▶ **Supplied information**:
==============================

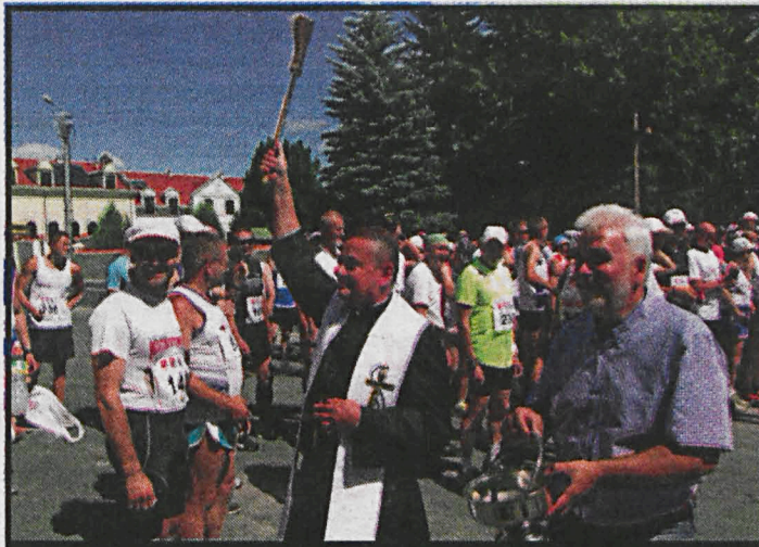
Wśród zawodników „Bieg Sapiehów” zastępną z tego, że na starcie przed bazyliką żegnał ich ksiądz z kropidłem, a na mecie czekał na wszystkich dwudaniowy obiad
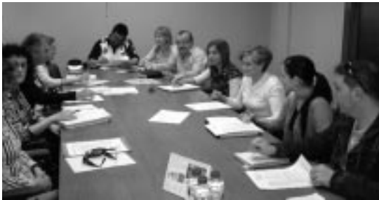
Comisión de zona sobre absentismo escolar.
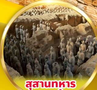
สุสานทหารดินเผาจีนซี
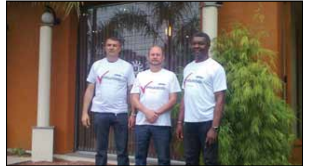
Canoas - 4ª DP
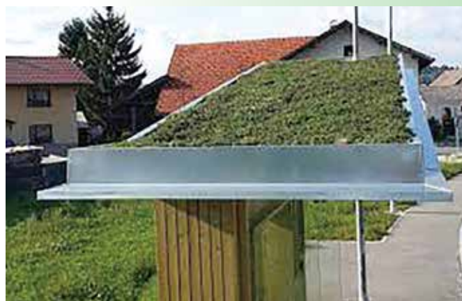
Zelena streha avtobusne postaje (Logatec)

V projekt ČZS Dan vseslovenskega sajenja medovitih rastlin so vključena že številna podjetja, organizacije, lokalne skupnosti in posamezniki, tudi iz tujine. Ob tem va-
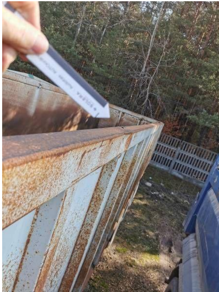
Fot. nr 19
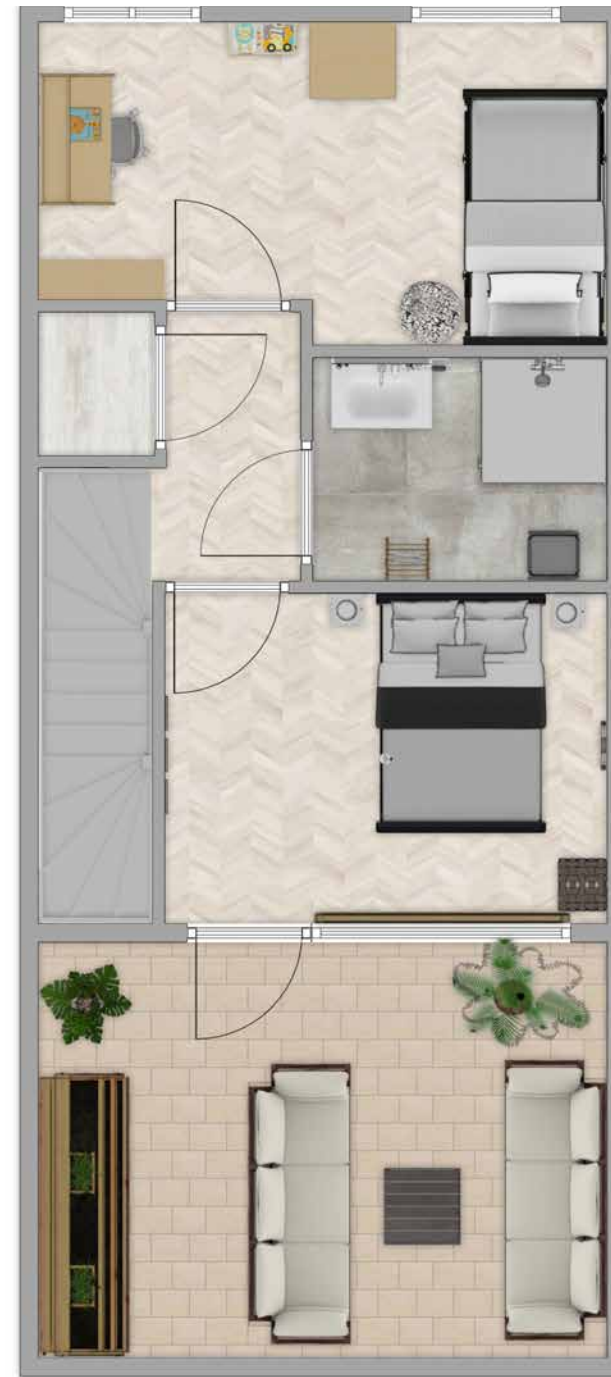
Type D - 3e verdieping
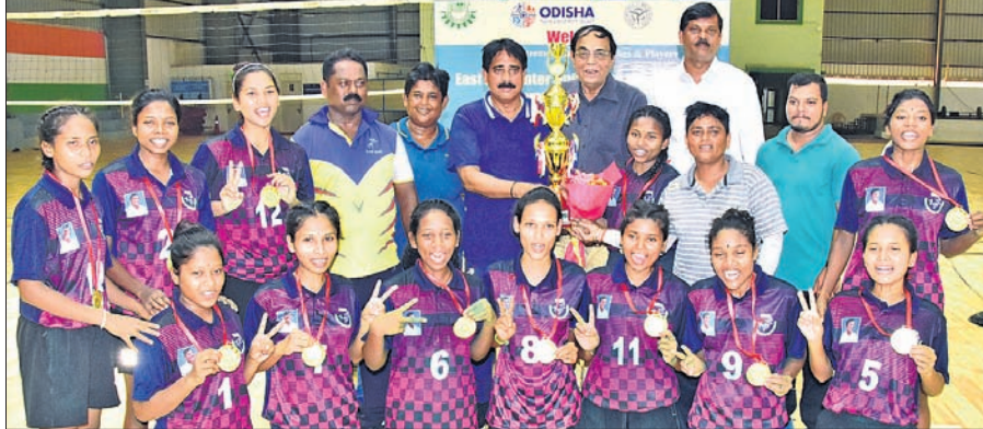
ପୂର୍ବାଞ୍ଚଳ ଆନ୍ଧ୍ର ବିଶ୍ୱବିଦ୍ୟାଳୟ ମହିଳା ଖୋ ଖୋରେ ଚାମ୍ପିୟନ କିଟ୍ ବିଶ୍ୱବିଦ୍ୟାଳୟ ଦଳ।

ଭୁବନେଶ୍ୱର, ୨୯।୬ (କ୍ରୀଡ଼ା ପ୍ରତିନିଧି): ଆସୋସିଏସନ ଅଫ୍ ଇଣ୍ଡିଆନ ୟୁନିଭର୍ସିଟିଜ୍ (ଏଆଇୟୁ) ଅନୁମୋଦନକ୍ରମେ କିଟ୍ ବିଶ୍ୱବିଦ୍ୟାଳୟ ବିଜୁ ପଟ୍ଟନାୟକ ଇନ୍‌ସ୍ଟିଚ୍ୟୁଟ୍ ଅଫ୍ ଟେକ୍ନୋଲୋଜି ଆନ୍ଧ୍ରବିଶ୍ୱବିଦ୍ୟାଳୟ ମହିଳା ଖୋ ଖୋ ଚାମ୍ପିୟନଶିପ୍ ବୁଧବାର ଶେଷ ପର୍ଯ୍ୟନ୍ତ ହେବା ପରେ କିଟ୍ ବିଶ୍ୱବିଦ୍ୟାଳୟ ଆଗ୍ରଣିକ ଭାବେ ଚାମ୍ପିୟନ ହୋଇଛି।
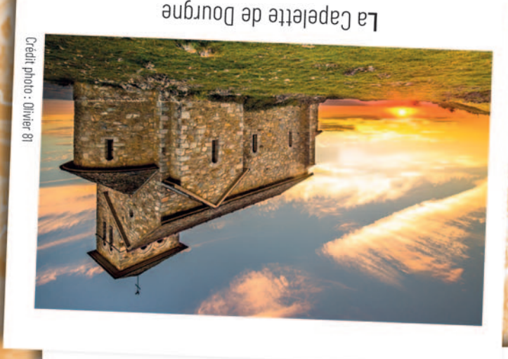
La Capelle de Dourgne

==============================

▶ **Task statement**: All entries need repeating exactly, but without the pictures.

▶ **Exercise output**:
Wśród zawodników „Bieg Sapiehów” zastępną z tego, że na starcie przed bazyliką żegnał ich ksiądz z kropidłem, a na mecie czekał na wszystkich dwudaniowy obiad
Comisión de zona sobre absentismo escolar.
สุสานทหารดินเผาจีนซี
Canoas - 4ª DP
Zelena streha avtobusne postaje (Logatec)

V projekt ČZS Dan vseslovenskega sajenja medovitih rastlin so vključena že številna podjetja, organizacije, lokalne skupnosti in posamezniki, tudi iz tujine. Ob tem va-
Fot. nr 19
Type D - 3e verdieping
ପୂର୍ବାଞ୍ଚଳ ଆନ୍ଧ୍ର ବିଶ୍ୱବିଦ୍ୟାଳୟ ମହିଳା ଖୋ ଖୋରେ ଚାମ୍ପିୟନ କିଟ୍ ବିଶ୍ୱବିଦ୍ୟାଳୟ ଦଳ।

ଭୁବନେଶ୍ୱର, ୨୯।୬ (କ୍ରୀଡ଼ା ପ୍ରତିନିଧି): ଆସୋସିଏସନ ଅଫ୍ ଇଣ୍ଡିଆନ ୟୁନିଭର୍ସିଟିଜ୍ (ଏଆଇୟୁ) ଅନୁମୋଦନକ୍ରମେ କିଟ୍ ବିଶ୍ୱବିଦ୍ୟାଳୟ ବିଜୁ ପଟ୍ଟନାୟକ ଇନ୍‌ସ୍ଟିଚ୍ୟୁଟ୍ ଅଫ୍ ଟେକ୍ନୋଲୋଜି ଆନ୍ଧ୍ରବିଶ୍ୱବିଦ୍ୟାଳୟ ମହିଳା ଖୋ ଖୋ ଚାମ୍ପିୟନଶିପ୍ ବୁଧବାର ଶେଷ ପର୍ଯ୍ୟନ୍ତ ହେବା ପରେ କିଟ୍ ବିଶ୍ୱବିଦ୍ୟାଳୟ ଆଗ୍ରଣିକ ଭାବେ ଚାମ୍ପିୟନ ହୋଇଛି।
La Capelle de Dourgne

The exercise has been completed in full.